A principal goal of the UAE's foreign policy has been
to
contain the spillover effects of various regional crises.
For
example, during the initial years of UAE independence, a
major
insurrectionary movement threatened to overthrow the
government
in neighboring Oman. This movement also supported a group
known
as the Popular Front for the Liberation of Oman and the
Arab
Gulf, which aimed at establishing a republican regime in
the UAE.
During the mid-1970s, repercussions of the escalating
civil war
in Lebanon reverberated throughout the Persian Gulf.
Subsequently, the Iranian Revolution of 1979, the civil
war and
Soviet intervention in Afghanistan, and the Iran-Iraq War
all
affected the UAE in various ways.
Despite its criticisms of United States policies toward
the
Palestinians, the UAE perceives its evolving relationship
with
the United States as providing a measure of protection
from these
crises. Thus, by 1990-91, when it joined with the United
States
in the military effort to force Iraq out of Kuwait, the
UAE
already had become a de facto member of the United States
strategic umbrella over the region.
The Iraqi invasion and occupation of Kuwait were a
shock to
the UAE. Prior to that crisis, the UAE had tried to
demonstrate
solidarity on inter-Arab issues.
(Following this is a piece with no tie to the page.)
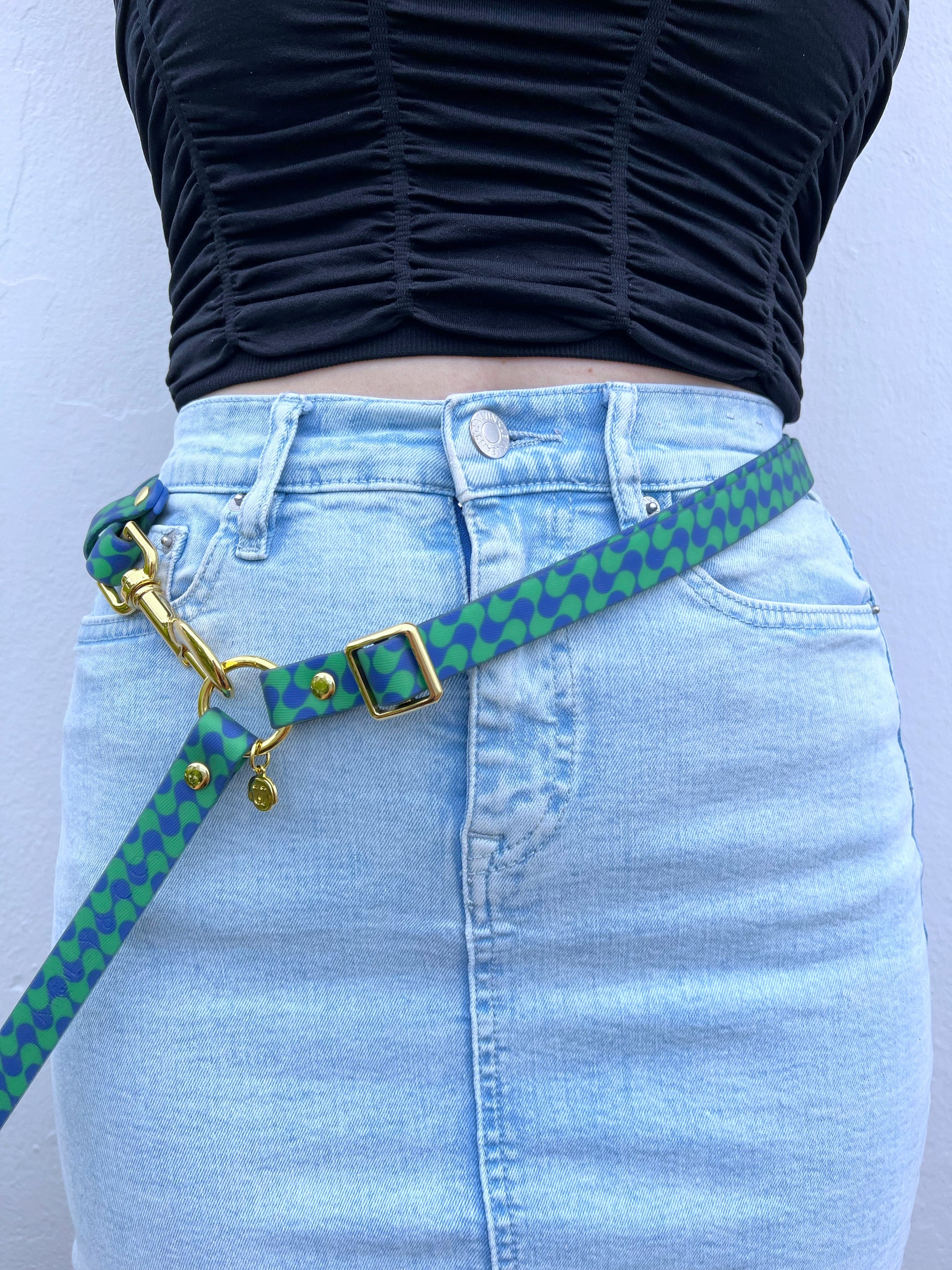 Introducing our Forest Handsfree Splashproof Leash, featuring the iconic swirls of our best-selling Forest Collection! With its vibrant blue and green hues, this leash offers both style and functionality for your outdoor adventures. Enjoy the convenience of hands-free walking with the adjustable design, allowing you to wear it comfortably around your waist or across your body. Explore the great outdoors with your pup in style while still maintaining control and comfort.

In particular, it had
supported
the cause of Palestinian Arabs, both within the League of
Arab
States (Arab League), of which it was a member, and within
international forums. In practical terms, this meant that
the UAE
did not recognize Israel. When Egypt signed a separate
peace
agreement with Israel in 1979, the UAE joined other Arab
states
in breaking diplomatic relations with Egypt. The UAE did
not,
however, expel the thousands of Egyptian workers in the
UAE or
interfere with their transfer of remittances home. For the
UAE,
the crisis over Kuwait demonstrated a lack of Arab unity
on a
critical Arab issue. The UAE joined the Arab states that
opposed
the Iraqi invasion and supported the use of force to
compel
Iraq's withdrawal of troops.
More fundamental for the UAE, this crisis exposed the
failure
of the GCC, of which the UAE had been a founding member in
1981,
as a deterrent collective security organization. Although
it was
not prepared to abandon the GCC--it derived other benefits
from
this alliance with Bahrain, Kuwait, Oman, Qatar, and Saudi
Arabia--the UAE believed that new security arrangements
were
necessary. The UAE initially supported expanding the GCC
framework to include formal military ties with Egypt and
Syria.
When this option seemed unrealistic, the UAE concluded
that a
security relationship with the United States should be
continued.
Consequently, negotiations began during the summer of 1991
and
continued for more than a year. In late 1992, officials of
both
countries signed an agreement that permitted the United
States to
use some UAE bases temporarily and to pre-position
supplies on
UAE territory.
The negotiations with the United States may have been a
factor in the UAE's 1992 problems with Iran, a country
that
opposed a continuing United States military presence in
the
region. Like Iraq, Iran is a large neighbor--and a much
closer
one--with a recent history of policies that discomfited
the UAE.
Throughout the 1980s, the UAE had striven with difficulty
to
maintain neutrality in the Iran-Iraq War. That conflict
was also
a source of internal UAE tension because Abu Dhabi tended
to
support Iraq while Dubayy was more sympathetic to Iran.
After the
war ended in 1988, Iran appeared to single out the UAE for
special and friendly attention. By 1992 the UAE was the
Arab
country with which Iran had the closest commercial
relations.
Thus, the crisis that erupted in April 1992 over disputed
islands
in the Persian Gulf seemed unexpected.
The dispute with Iran over the sovereignty of three
small
islands--Abu Musa, Greater Tumb, and Lesser Tumb--had been
dormant for twenty years. It was rekindled in 1992 when
Iranian
officials on Abu Musa refused to permit UAE contract
workers to
disembark, in apparent contravention of a shared
sovereignty
agreement. Iran had claimed all three islands in 1970,
before the
UAE was formed. On the eve of independence in 1971, the
amirate
of Sharjah, which had jurisdiction over Abu Musa, accepted
an
agreement negotiated between London and Tehran that
permitted
Iran to establish a military garrison in the northern part
of the
island and allowed Sharjah to administer the civilian
population
living in the southern part. The agreement provided for
Iran and
Sharjah to share the proceeds from an offshore oil field
but
otherwise left the question of ultimate sovereignty to be
resolved at some unspecified future time.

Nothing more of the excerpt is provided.